How to convert CSV file to multiline JSON?

Question

Here's my code, really simple stuff...

import csv
import json

csvfile = open('file.csv', 'r')
jsonfile = open('file.json', 'w')

fieldnames = ("FirstName","LastName","IDNumber","Message")
reader = csv.DictReader( csvfile, fieldnames)
out = json.dumps( [ row for row in reader ] )
jsonfile.write(out)

Declare some field names, the reader uses CSV to read the file, and the filed names to dump the file to a JSON format. Here's the problem...

Each record in the CSV file is on a different row. I want the JSON output to be the same way. The problem is it dumps it all on one giant, long line.

I've tried using something like for line in csvfile: and then running my code below that with reader = csv.DictReader( line, fieldnames) which loops through each line, but it does the entire file on one line, then loops through the entire file on another line... continues until it runs out of lines.

Any suggestions for correcting this?

Edit: To clarify, currently I have: (every record on line 1)

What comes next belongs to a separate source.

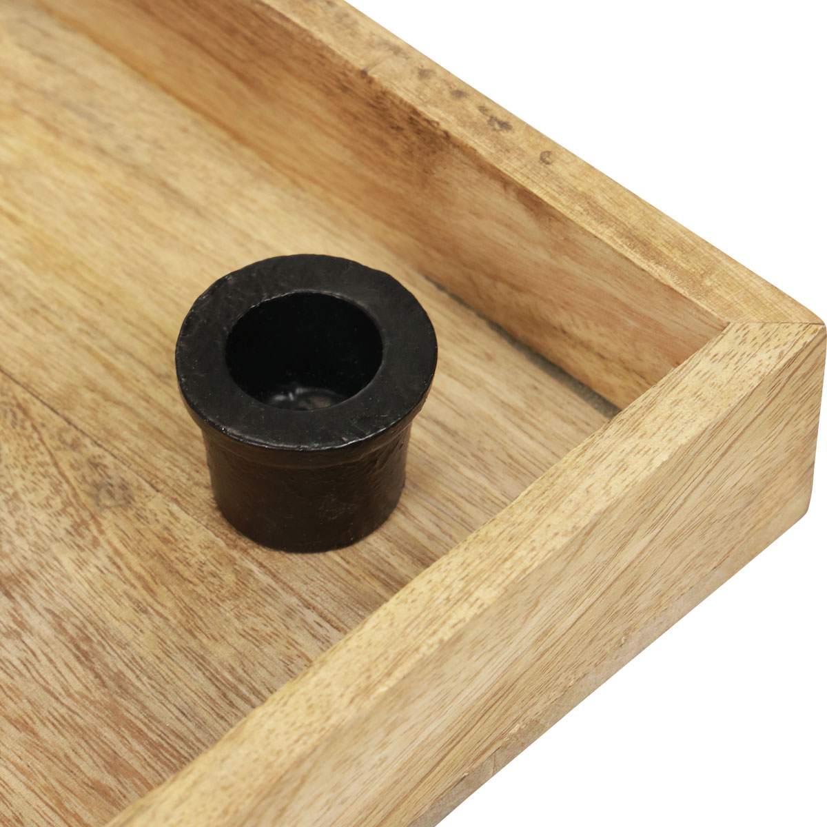The four metal candle holders are colored black and have a wide edge. The candle holders were firmly inserted into the wood using a pin and then fixed with glue. This means that the candle holders stand securely on the candle tray.

[{"FirstName":"John","LastName":"Doe","IDNumber":"123","Message":"None"},{"FirstName":"George","LastName":"Washington","IDNumber":"001","Message":"Something"}]

What I'm looking for: (2 records on 2 lines)

{"FirstName":"John","LastName":"Doe","IDNumber":"123","Message":"None"}
{"FirstName":"George","LastName":"Washington","IDNumber":"001","Message":"Something"}

Not each individual field indented/on a separate line, but each record on it's own line.

Some sample input.

"John","Doe","001","Message1"
"George","Washington","002","Message2"

i'm not sure your code does *exactly* what you say; it should produce `[{..row..},{..row..},...]` not `{..row..}{..row..}..`. That is to say, the output looks like it will be a json array of json objects, not a stream of unconnected json objects. — SingleNegationElimination, Oct 31 '13 at 12:42

score 174 · Accepted Answer · answered Oct 31 '13 at 12:49

174

The problem with your desired output is that it is not valid json document,; it's a stream of json documents!

That's okay, if its what you need, but that means that for each document you want in your output, you'll have to call json.dumps.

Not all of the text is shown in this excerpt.